Friday, December 29, 2017

tense - "May" is not possible in the past?


Do I always have to use might when talk about the past and may does not belong there?




I may beat him now / tomorrow.


I may might beat him a year ago.




Answer



The past-tense forms of the modal auxiliaries can, may, shall and will are always used in sentences with past reference. But they are used in different ways. That is because these verbs have dual uses which present a special problem.
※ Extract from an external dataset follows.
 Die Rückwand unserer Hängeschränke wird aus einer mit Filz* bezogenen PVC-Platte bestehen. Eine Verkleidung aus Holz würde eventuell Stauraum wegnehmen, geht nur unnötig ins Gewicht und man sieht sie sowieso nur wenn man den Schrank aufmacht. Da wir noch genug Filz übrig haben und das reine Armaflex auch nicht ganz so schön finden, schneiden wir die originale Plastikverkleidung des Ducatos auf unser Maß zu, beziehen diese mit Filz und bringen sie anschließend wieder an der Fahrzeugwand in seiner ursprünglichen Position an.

  1. Just like the past-tense forms of other verbs, they are used to represent present-tense forms 'backshifted' into the past:


     You are going to fight. I think     You were going to fight. I thought   

    ^^^^^^^^^^^^^^^^^^^^^^^^^^^^^^^ ^^^^^^^^^^^^^^^^^^^^^^^^^^^^^^^^^^
    you can beat him. ⇨ you could beat him.
    you may beat him. ⇨ you might beat him.
    ?you shall beat him. ⇨ you should beat him. (this use of 'shall' is dying)
     you will beat him. ⇨ you would beat him.
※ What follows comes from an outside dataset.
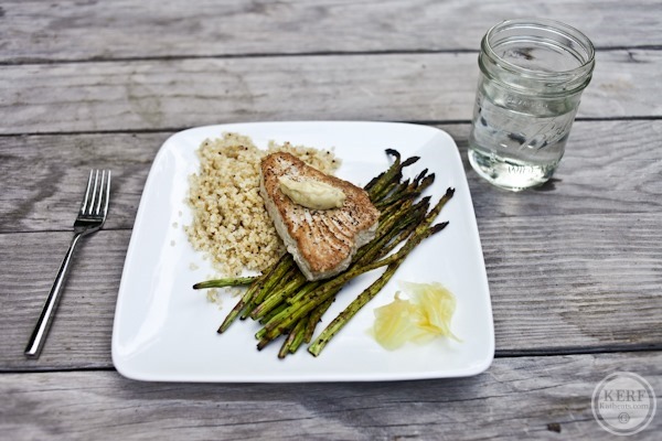 Next up we had seared tuna steaks with grilled zucchini and a millet-quinoa blend. The “sauce” on top was a wasabi mayo Matt whipped together, and we found our jar of pickled ginger that we so rarely use in the fridge!

  2. But these auxiliaries, unlike ‘lexical’ verbs also employ their past-tense forms with present or future reference. This is particularly visible in so-called 'first conditional' constructions: non-past conditionals in which the condition is regarded as possible:


     If the fight is fair, I think      If the fight is fair, I think 
    ^^^^^^^^^^^^^^^^^^^^^^^^^^^^^ ^^^^^^^^^^^^^^^^^^^^^^^^^^^^^

    you can beat him. AND you could beat him.
    you may beat him. AND you might beat him.
    you shall beat him. AND you should beat him.
    you will beat him. ? you would beat him.
    (This one's a bit iffy; but it would certainly be acceptable
    in a context like "If the contests are fair, I think you
    would beat him sixty times out of a hundred.")

    In many cases, the difference between 'present-reference/present-tense' and 'present-reference/past-tense' use is so slight that the simple past form may be used for either when the sentence is backshifted to past-reference—for instance, in a backshifted ‘first conditional’ (we might call it a ‘one-and-a-halfth conditional’):




    Back in '06 I thought that if the fight was fair you could / might / should / would beat him.
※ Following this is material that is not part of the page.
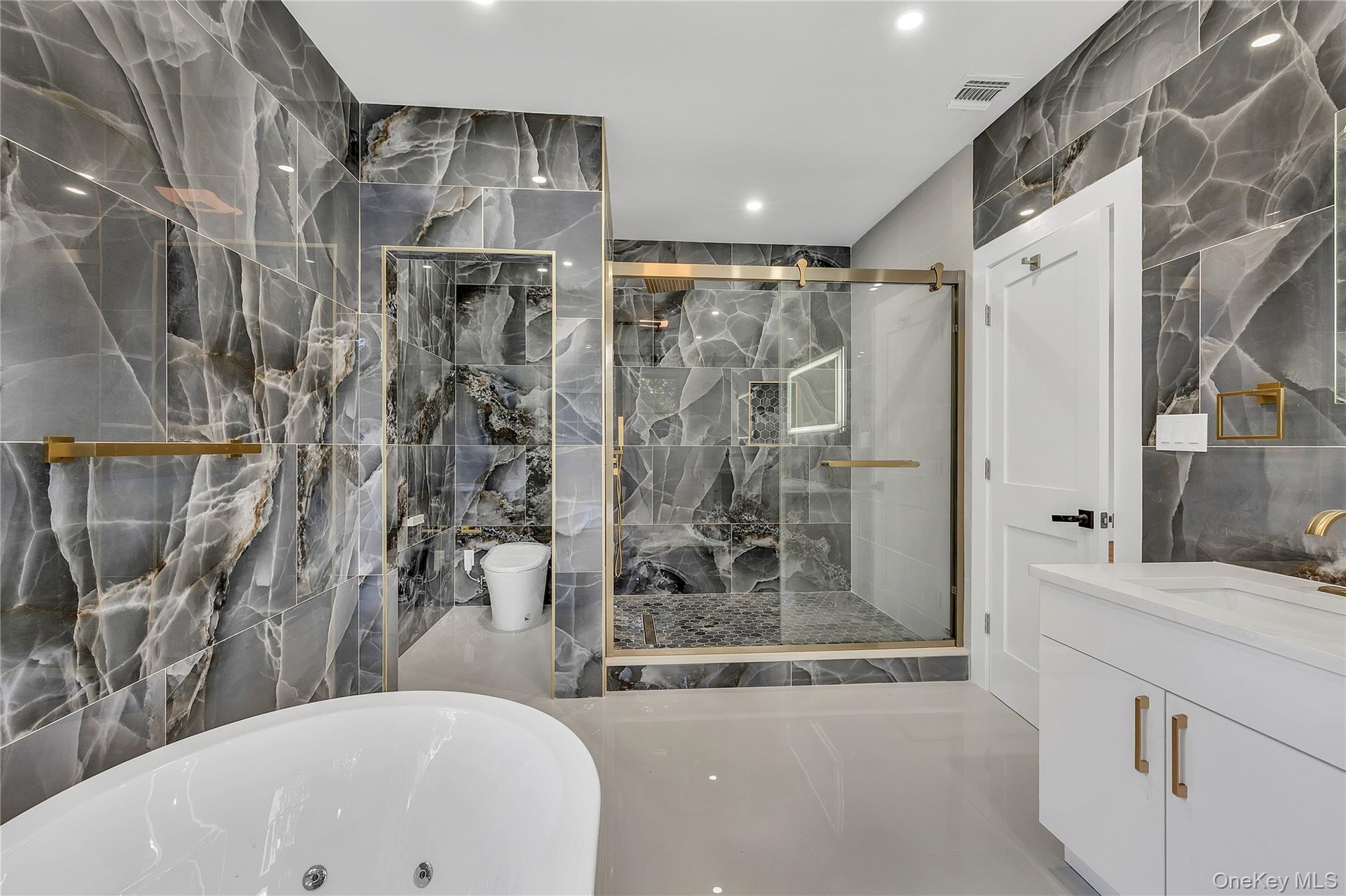 - Bathroom with vanity, tile walls, and a marble finish shower

    In the case of higher-level conditionals, however—what are sometimes called counterfactual or irrealis conditionals, in which the condition is regarded as impossible—this does not suffice. These constructions must be strongly marked with a past-tense form.


    When an irrealis sentence has present reference, the so-called ‘second conditional’, this marking is accomplished by casting the verb into a past-tense form undifferentiated for person, what used to be called the past subjunctive:



    If the fight were fair, you could / might / should / would beat him.



    But now all the verb sequences have been cast into past-tense forms. How, then, do you backshift this sentence into past reference?


    The workaround which English has evolved is to mark both sequences with a HAVE + past participle construction. This marker is placed on the finite verb which heads each verb sequence if it is capable of taking it. But modal verbs are 'defective', they have no past participles with which this marker can realized; so the marker is moved to the next verb in the sequence:


    PRESENT: If the fight [  were  ] fair you [might    beat    ] him, but it’s not;

    past ↓ ↳ →
    marker ↓ (oops!) ↴
    PAST: If the fight [had been] fair you [might have beaten] him; but it wasn’t.


The last sentence looks like a perfect construction, but it’s not. It's the form taken by a subjunctive past with past reference. You must be careful to distinguish this from such sentences as:



He may have won; I'm not sure and its past version
He might have won; I wasn't sure.


He may have been cheated; I'm not sure and its past version

He might have been cheated; I wasn't sure.



These are true perfect constructions, with current (past or present) reference, designating his current state of "championship" resulting from his past action winning or of "cheatedness" resulting from somebody's past action of cheating him. They are cast into infinitive form because they are headed by the modal MAY, indicating uncertainty. They are thus equivalent to:



It is possible that he has won ... and
It was possible that he had won.


It is possible that he has been cheated ... and
It was possible that he had been cheated.